Print the listing from its top line through the line containing "В преддверии Дня", nothing more, and leave out the pictures.
· · · · · · ·
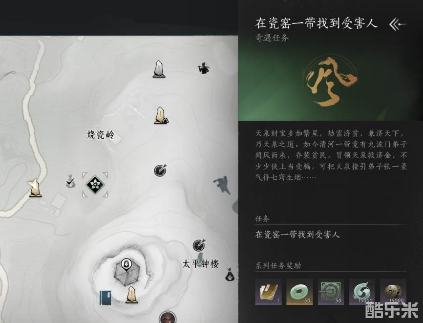 然后就按照任务指引做任务就行了,前往瓷窑东方向找成实,然后分别去三个地方找受害人。
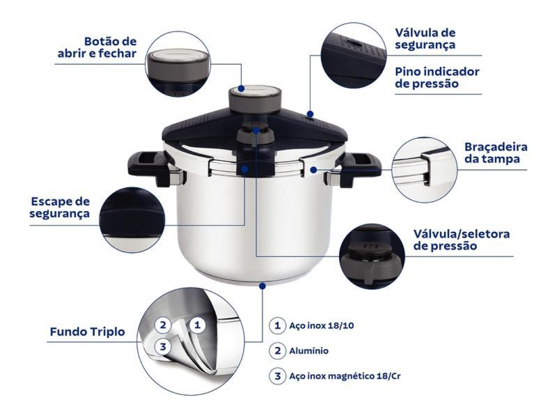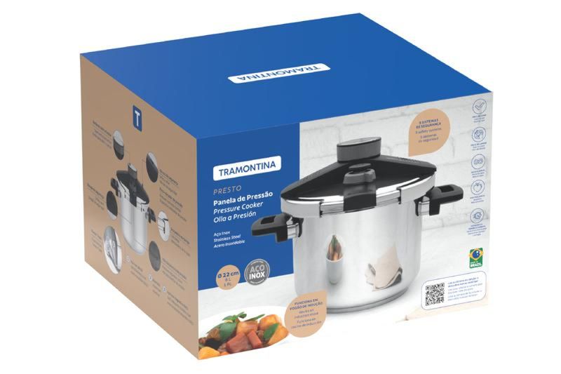 Panela de Pressão Tramontina Presto em Aço Inox 6 Litros 22cm REF: 7891116201947
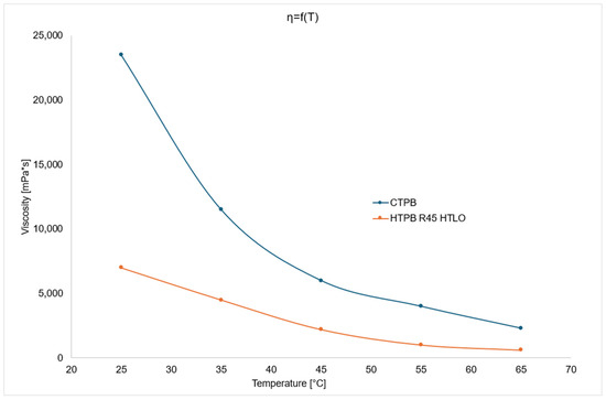 The viscosity changes of HTPB R45 HTLO and CTPB polymers as a function of temperature are shown in the figure below (Figure 3).
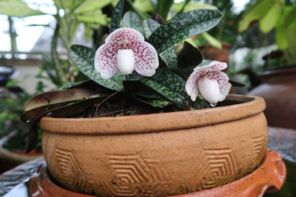 รองเท้านารีฝาหอยในหม้อประทับจากปีกเรือบินตกที่ปัตตานี
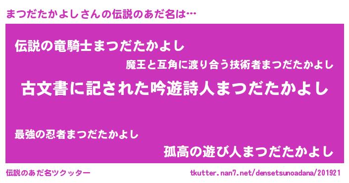 | 意味不明あだ名 | 『自称まつだたかよし』 |
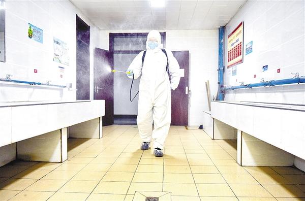 4月9日,在太原理工大学明向校区学生公寓楼,工作人员在给盥洗室消毒。
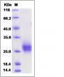 The recombinant rat THY1 comprises 121 amino acids and predicts a molecular mass of 14.1 kDa. The apparent molecular mass of the recombinant protein is approximately 27-29 kDa in SDS-PAGE under reducing conditions due to glycosylation.
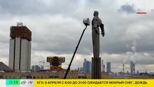 В преддверии Дня космонавтики в Москве промывают памятник Юрию Гагарину. Для этого бригада коммунальных служб поднялась на автовышке на высоту 50 метров и подключила моющую установку высокого давления.
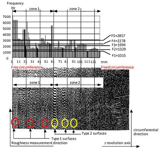 The experimental results of the twelve performed tests (with the parameters described in Table 2) are summarized in Table 4. The observation and analysis of the different traces marked by the cutting tool on the machined part surface of the workpiece (Figure 5) show that in the case of the vibrated process, two types of weary surfaces and two zones can be observed on the lateral surface. The first type of weary surface (Type 1) is complex. It presents multiple shock effects on the surface. This first type corresponds to a heavy chattering phenomenon for which the cutting tool does not work in continuous conditions, and the contact appears to loosen intermittently. This surface is located in a first zone (zone 1) from 0 to 60 mm along the revolution z-axis. This zone constitutes the most distant from the chuck.
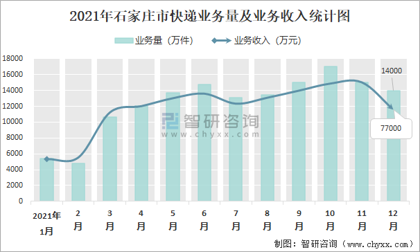 2021年12月石家莊市快遞業務量與業務收入分別為14000萬件和77000萬元
· · · · · · ·
• _Your solution_:
 然后就按照任务指引做任务就行了,前往瓷窑东方向找成实,然后分别去三个地方找受害人。
 Panela de Pressão Tramontina Presto em Aço Inox 6 Litros 22cm REF: 7891116201947
 The viscosity changes of HTPB R45 HTLO and CTPB polymers as a function of temperature are shown in the figure below (Figure 3).
 รองเท้านารีฝาหอยในหม้อประทับจากปีกเรือบินตกที่ปัตตานี
 | 意味不明あだ名 | 『自称まつだたかよし』 |
 4月9日,在太原理工大学明向校区学生公寓楼,工作人员在给盥洗室消毒。
 The recombinant rat THY1 comprises 121 amino acids and predicts a molecular mass of 14.1 kDa. The apparent molecular mass of the recombinant protein is approximately 27-29 kDa in SDS-PAGE under reducing conditions due to glycosylation.
 В преддверии Дня космонавтики в Москве промывают памятник Юрию Гагарину. Для этого бригада коммунальных служб поднялась на автовышке на высоту 50 метров и подключила моющую установку высокого давления.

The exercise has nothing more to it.